Educational Research in Engineering and Technology (ERET)

elearning.jpeg The Educational Research in Engineering and Technology (ERET) Research Group performs research in the improvement of educational practices in the subjects of engineering and computer science and eLearning practices.

ERET research focusses on how teaching and learning can be done better within the context of the School's programmes and beyond. Education is a very broad research area and the group's research includes pedagogies, assessment, delivery models, students' perspectives, ethics, equity, inclusion, power relations.

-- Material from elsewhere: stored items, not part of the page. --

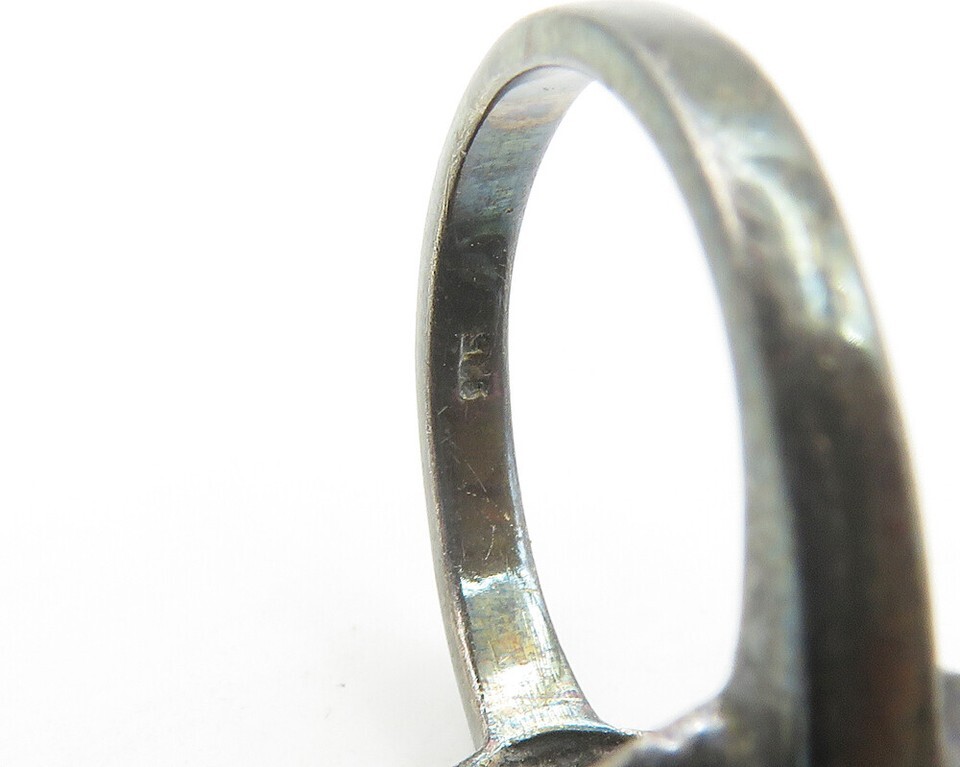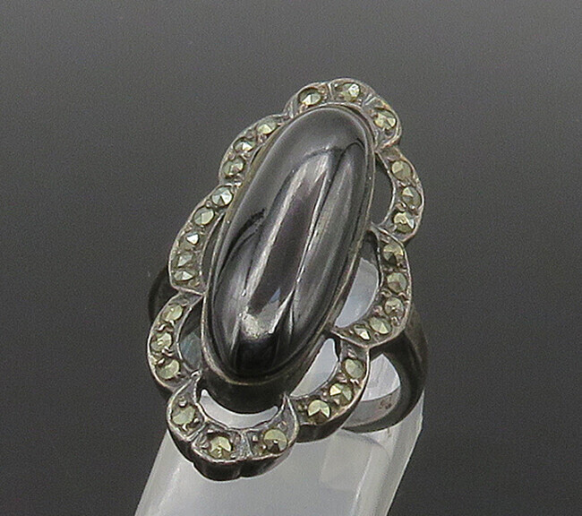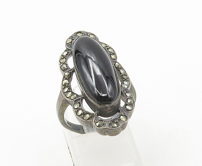 925 Silver Vintage Victorian Onyx & Marcasite Cocktail Ring Sz 6 RG17081
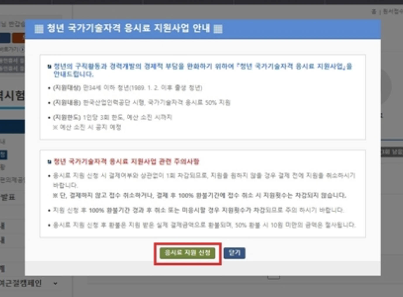 유의사항이 포함된 팝업이 아래와 같이 뜨게 되면 [응시료 지원 신청]을 누릅니다.
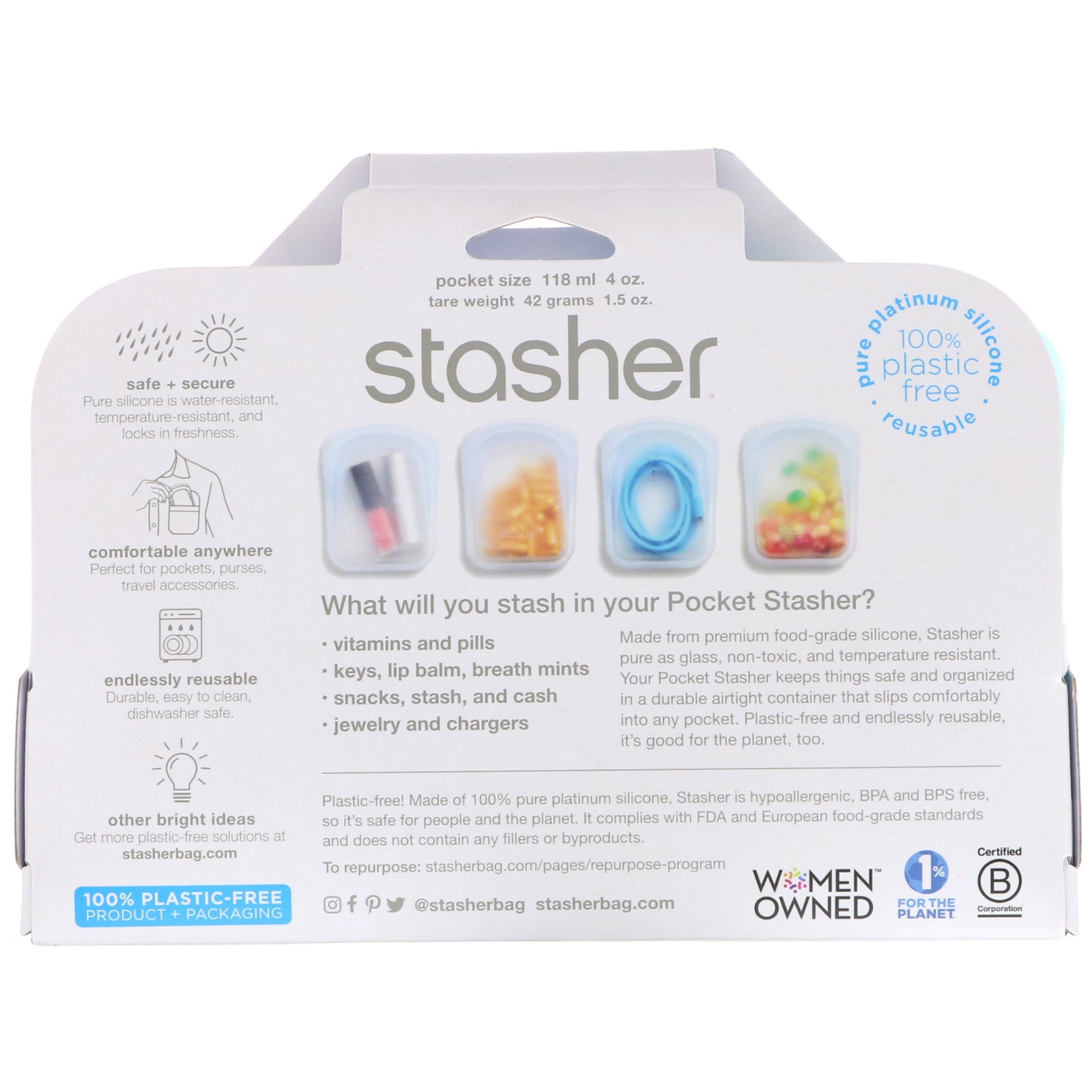 Pure Platinum Silicon Reusable 100% Plastic Free The Perfect Size for The Stuff You Stash Certified B Corporation Pocket Size 118 ml 4 oz. Tare Weight 42 grams 1.5 oz. Safe + Secure Pure silicon is water-resistant, temperature-resistant, and locks in freshness Comfortable anywhere Perfect for pockets, purses, travel accessories. Endlessly Reusable Durable, easy to clean, dishwasher safe. What will you stash in your pocket stasher? Vitamins and Pills Key, lips balm, breath mints Snacks, stash, and cash Jewelry and chargers Made from premium food-grade silicon, stasher is pure as glass, non-toxic, and temperature resistant. Your pocket stasher keeps things safe and organized in a durable airtight container that slips comfortably into any pocket. Plastic-free and endlessly reusable, it's good for the planet, too. Made of 100% pure platinum silicon, stasher is hypoallergenic, BPA and BPS free, so it's safe for people and the planet. It complies with FDA and...
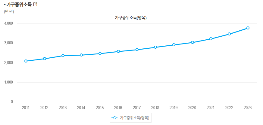 구체적인 계산 결과는 KOSIS의 중위소득 통계표를 통해 직접 확인하실 수 있습니다.
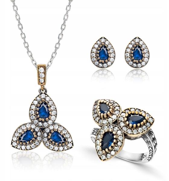 Ottomania Török Ékszer Szett Eredeti Virág Zafír Cirkóniákkal Gravírozás (kpl-097_19r)ALLEGRO
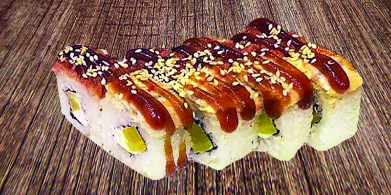 Угорь, сыр «Филадельфия», такуан, соус «Унаги», кунжут, рис, нори
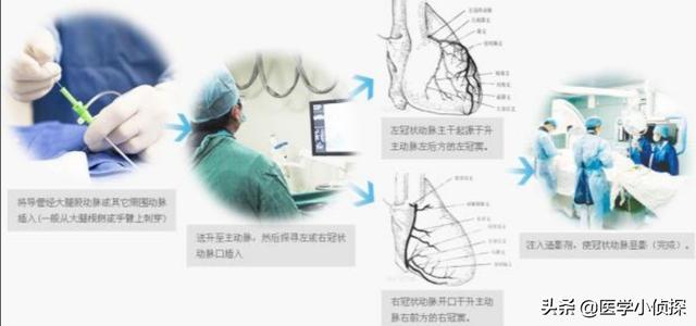 冠動脈造影とは、簡単に言えば、心臓カテーテルを用いて体の表在動脈を経皮的に穿刺することである。多くの場合、橈骨動脈または大腿動脈から穿刺し、動脈に沿って逆行性に上昇し、左冠動脈ポータルまたは右冠動脈ポータルに入り、そこで冠動脈を描出するために造影剤を注入する。
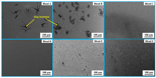 SEM (×100) images of the bulk metal for Blends A–F.
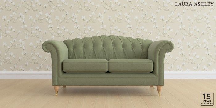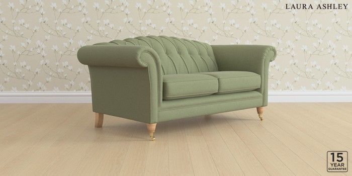 6.12.13 Buy Gloucester Button Back by Laura Ashley 2 Seater Sofa Peyton Hedgerow Green Low Brass Castor - Light Oak from the Next UK online shop Click here to use our accessible website
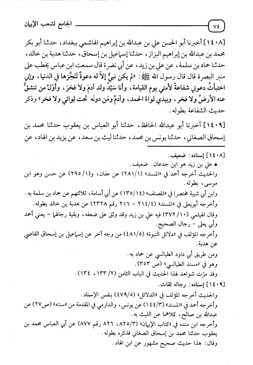 1408 - أَخْبَرَنَا أَبُو الْحَسَنِ عَلِيُّ بْنُ عَبْدِ اللهِ بْنِ إِبْرَاهِيمَ الْهَاشِمِيُّ بِبَغْدَادَ، حدثنا أَبُو بَكْرٍ مُحَمَّدُ بْنُ عَبْدِ اللهِ بْنِ إِبْرَاهِيمَ الْبَزَّازُ، حدثنا إِسْمَاعِيلُ بْنُ إِسْحَاقَ، حدثنا هُدْبَةُ بْنُ خَالِدٍ، حدثنا حَمَّادُ بْنُ سَلَمَةَ، عَنْ عَلِيِّ بْنِ زَيْدٍ، عَنْ أَبِي نَضْرَةَ قَالَ: سَمِعْتُ ابْنَ عَبَّاسٍ يَخْطُبُ عَلَى مِنْبَرِ الْبَصْرَةِ قَالَ: قَالَ رَسُولُ اللهِ صَلَّى اللَّهُ عَلَيْهِ وَسَلَّمَ: " §لَمْ يَكُنْ نَبِيٌّ إِلَّا لَهُ دَعْوَةٌ تَنَجَّزَهَا فِي الدُّنْيَا، وَإِنِّي اخْتَبَأْتُ دَعْوَتِي شَفَاعَةً لِأُمَّتِي يَوْمَ الْقِيَامَةِ، وَأَنَا سَيِّدُ وَلَدِ آدَمَ وَلَا فَخْرَ، وَأَوَّلُ مَنْ تَنْشَقُّ عَنْهُ الْأَرْضُ وَلَا فَخْرَ، وَبِيَدِي لِوَاءُ الْحَمْدِ، وَآدَمُ وَمَنْ دُونَهُ تَحْتَ لِوَائِي وَلَا فَخْرَ " وَذَكَرَ حَدِيثَ الشَّفَاعَةِ بِطُولِهِ
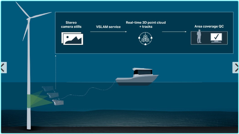 Voyis VSLAM Powered by EIVA NaviSuite is a computer vision software product which generates real-time QC displays of area coverage such as 3D point cloud and trajectory plot – using only your Discovery Stereo camera for input. The result is improved survey quality assurance during acquisition, as well as enhanced ROV visual inspection results by linking high-quality stills with true-scale 3D point clouds in real time.
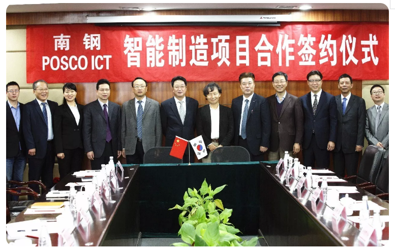 10月17日,南钢和浦项ICT智能制造项目合作签约仪式举行,双方签署了“宽厚板板坯自动化管理系统”“南京钢铁自动化及信息化咨询”两个项目的合同。公司领导黄一新、祝瑞荣、楚觉非及相关部室负责人和浦项ICT社长崔斗焕等参加。
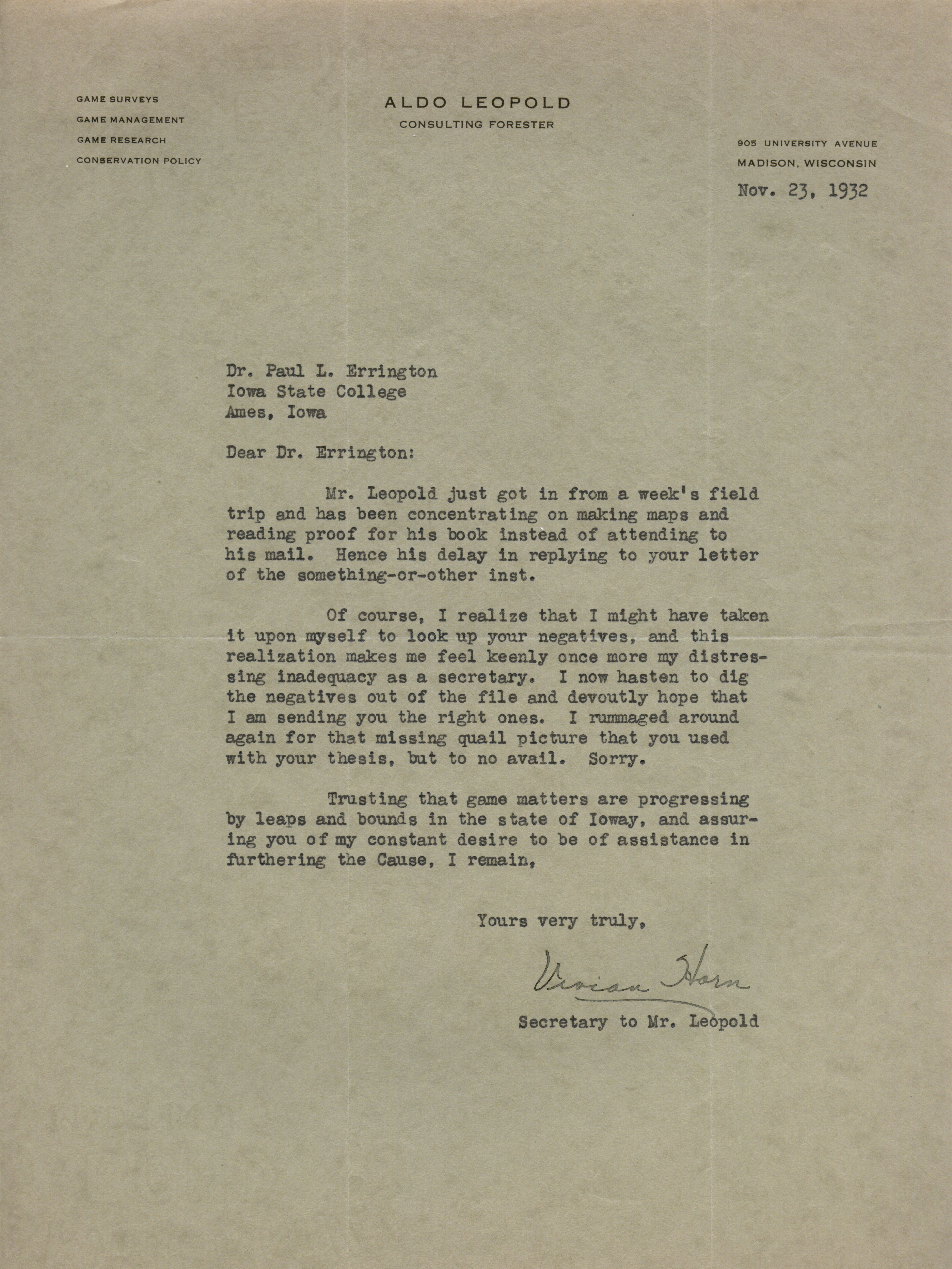 - "Aldo Leopold letter to Paul Errington, November 23, 1932", Paul L. Errington Collection, Iowa State University Library Digital Collections
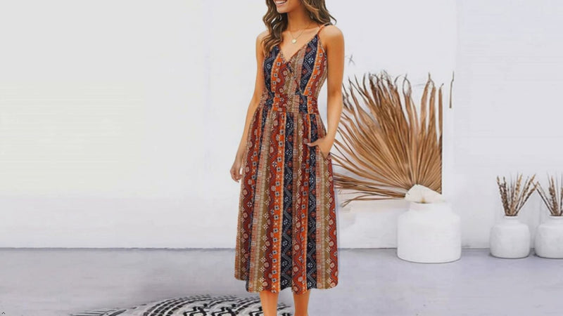 • Features: Spaghetti Strap, V-neck, A-line, Tropical, Mandala & Striped patterned, both side pockets design, midi dress
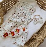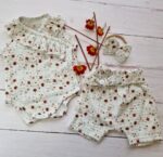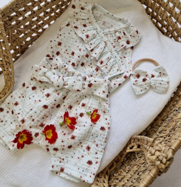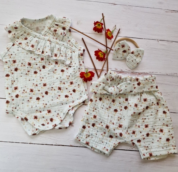 Mušelín je ľahký, savý a priedušný materiál, ktorý je šetrný k jemnej pokožke vášho bábätka. Tento materiál sa nemusí žehliť, čo znamená veľkú pomoc a ušetrenie času pre nás mamičky. Po vypraní je materiál krásne nadukaný a štruktúrovaný.

The ERET is primarily from a technological perspective while studying the socio-technical implications of new innovations. The range of study is broad, including algorithmic, systems and pedagogical issues. Current work focuses on Massive Open Online Courses (MOOC), mobile teaching and learning, learning analytics, gamification, and AI in teaching and learning.

Relevant courses at VUW

  • Master’s by Research
  • PhD

Staff with eLearning interests

PhD opportunities

Māori/Pasifika Educational Research

Regarding tools for engaging in Māori/Pasifika computer science teaching and learning. New Zealand schools are currently being encouraged to teach computer science topics as part of the curriculum. This in itself poses several opportunities and challenges. It is the perception that there is a lack of Māori/Pasifika material in this area and that eLearning tools (ranging from full courses to individual tools) based on Māori/Pasifika cultural concepts could be created to support and engage this demographic better. The proposed work is to develop these technical approaches and study the impact of introducing these in teaching and learning situations.

Massive Open Online Course Teaching and Learning (MOOC)

MOOCs have recently shaken up the world of Higher Education. Courses with thousands of participants run by a small team have become the norm. The eLearning group is also active in this area. However, there are still many unresolved issues in running such courses. The PhD candidate is expected to identify and/or address some of the following areas in this field: Supporting and engaging massive numbers of students online, intelligent tutoring, cultural and socio-technical differences in user experiences, and impact of MOOCs to stake holders.

Learning Analytics and MOOCs

The analysis of MOOC data is non-trivial. It typically consists of utterances and social connections within the MOOC. The research group has access to a large dataset of user interactions from MOOCs and is currently studying approaches to analysing the data to improve understanding of underlying aspects of the interactions within the MOOC. The proposed work is to further this work using statistical and artificial intelligence approaches to analyse these datasets.


Karsten Lundqvist, Senior Lecturer of Software Engineering at Victoria, has published several papers on the topics of eLearning, Artificial Intelligence in eLearning, socio-technical issues, gamification and Massive Open Online Course (MOOC) teaching and learning.